We have explored the feasibility of a new tissue engineering strategy, named scaffold sheet tissue engineering. Porous, strong, and thin CUPE scaffold sheets were prepared using a particulate leaching technique to fabricate complex 3D scaffolds and bonded together either chemically or through cell culture using a layer-by-layer approach. In the chemically bonded procedure, single scaffold sheets were crosslinked together to show the potential in creating complex 3D constructs fabricated from individual layers composed of different morphologies.

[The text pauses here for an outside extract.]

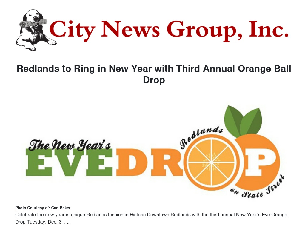 Redlands and the Redlands Chamber of Commerce, present the Third Annual Orange Ball Drop. The evening will include food and drink vendors including sweet potato chips, potato on a stick, kettle corn and funnel cake, mini donuts, gourmet cotton candy, pulled pork sandwiches, ice cream sundaes, banana splits, root beer floats, hot chocolate hot apple cider and more.

Unlike cell-sheet tissue engineering, the scaffold sheet tissue engineering cell bonded design implies that cells will be seeded on a thin scaffold sheet, which may provide a suitable environment similar to the natural extracellular matrix, and subsequently bonded together to potentially form multi-cellular stratified tissues. When stacked together, CUPE scaffold sheets displayed mechanical properties adequate for immediate implantation in potential applications for in vivo tissue engineering. Cell culture experiments show the cytocompatibility of the scaffold sheets, and the potential of the individual layers to be bonded together using the deposited cellular ECM. Future work will focus on using the scaffold sheet design to compartmentalize different cell types on various scaffold layers in the construction of multi-layer tissues (e.g. blood vessels), and to study the cell-cell communication between scaffold layers.
This work was supported in part by the American Heart Association Beginning Grant-in-Aid Award (to J.Y.), award R21EB009795 from the National Institute of Biomedical Imaging and Bioengineering (NIBIB) (to J.Y.) and NIH R01 GM074021 (to L.T).